1. Tell us about yourself.
I joined the NSA when it was known as the NSP (National Stuttering Project) in 1985. I am a native of Houston, Texas and a graduate of The University of Texas at Austin. I love college football especially the Longhorns! Hook em! Go Horns! I am married with two sons, ages 24 and 22.
Besides the NSA, my passion is TV shows (I'm a junkie) and movies, traveling, and towels! Yes, I love new nice bath towels! My professional work career has centered around IT mnagement/application support and accounting. I was employed for almost 30 years with a French owned company call Vallourec. Paris, France based Vallourec is a global pipe and steel concern with operations worldwide. After taking a year sabbatical, currently, I am pursuing opportunities in business administration support consulting and SAP application support.
2. What was it like for you to grow up stuttering?
Well, it was challenging to say the least! As with most people who stutter, there were the deeply embarrassing situations with my speech, the hard blocks, frustration, fear of speaking, and secondaries. My family was understanding and accepting of my stutter, because on my maternal side stuttering was prevalent. My maternal grandmother, uncle, and a cousin all stutter. So, my family actually did not pay too much attention to my stuttering. In fact, they treated it almost as normal. Not fitting the stereotype of southerners, my family actually spoke very fast. Of course, that made it more difficult to talk or get a word in during family gatherings and discussions.
I first recognized my speech was different and I had a stutter when on first day of class in second grade, my teacher did roll call. I stood up and could not say my name. And, yes, the kids laughed at me. That was hard and for many years after that I would hear the laughter of friends and foes directed toward my stutter and sometimes the relentless teasing! However, my stutter did not destroy me.
The reason it did not destroy me is because my family never allowed me to feel sorry for myself or that I was less than anyone else. My family, mainly my mother, made sure I felt I could still do and be anything I wanted to be.

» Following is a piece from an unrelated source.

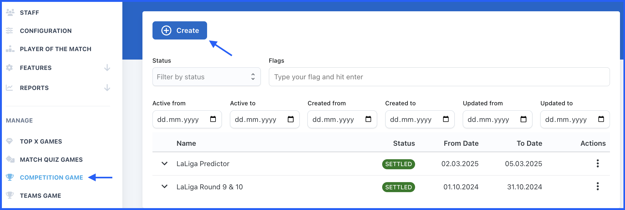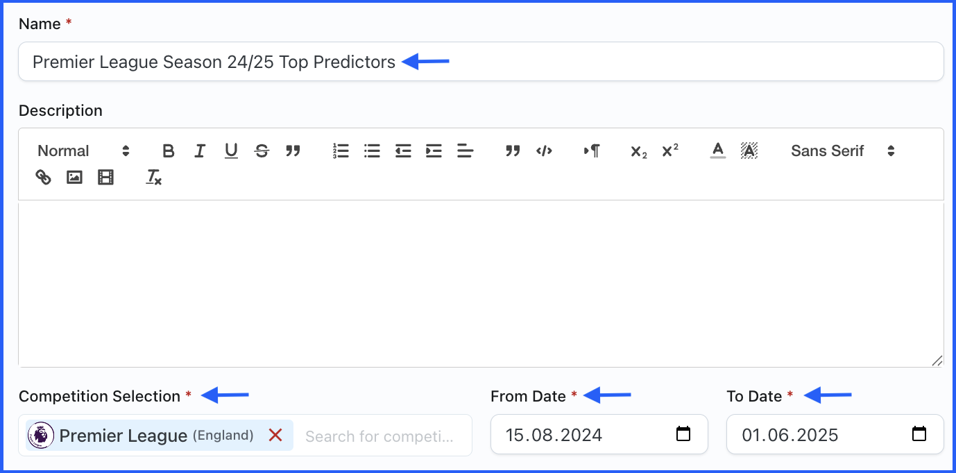 You must set both start and end dates ('from' and 'to' dates) to define the exact period your Competition Game will cover. These dates determine which predictions for the selected competition will fall within and count for the leaderboard.

There were many critical and pivotal moments in my life with my stuttering. One major moment was in college when I was part of a team assigned the responsibility of presenting results of a fictitious/faux company we managed in an organizational management class, I stuttered severely. I was only given 3 minutes to present my portion, it took at least 1.5 minutes just to say my name. I was so scared, sweaty hands, silent blocks, not breathing properly, totally embarrassed and ashamed. It was the worst day of my life. Needlessly to say, I did not receive a passing grade on the presentation part of the course. Fortunately, I did well enough on the content and written exams that I managed to pass the course.
3. What made you interested in becoming a Stutter Social host?
I participated in stutter social sessions for a year and half and enjoyed the experience. The opportunity to speak with friends and other people from all over the world was awesome.
Stutter social sessions are like mini-NSA meetings. In addition, it gives you an opportunity to practice your speech therapy techniques in a safe environment. I wanted to contribute to the Stutter Social group, my time and experience as a former NSA chapter leader and meeting facilitator, in the role of Stutter Social host.
4. Do you have any advice for people who stutter?
My advice to people who stutter is to be open to looking at your Stuttering as a journey! I feel that many things impact our stuttering but the most important factor in our stuttering is US. Join a support group for people who stutter. In USA, join the NSA. There is no better organization for people who stutter. If you can not attend a support group meeting then join a Stutter Social session.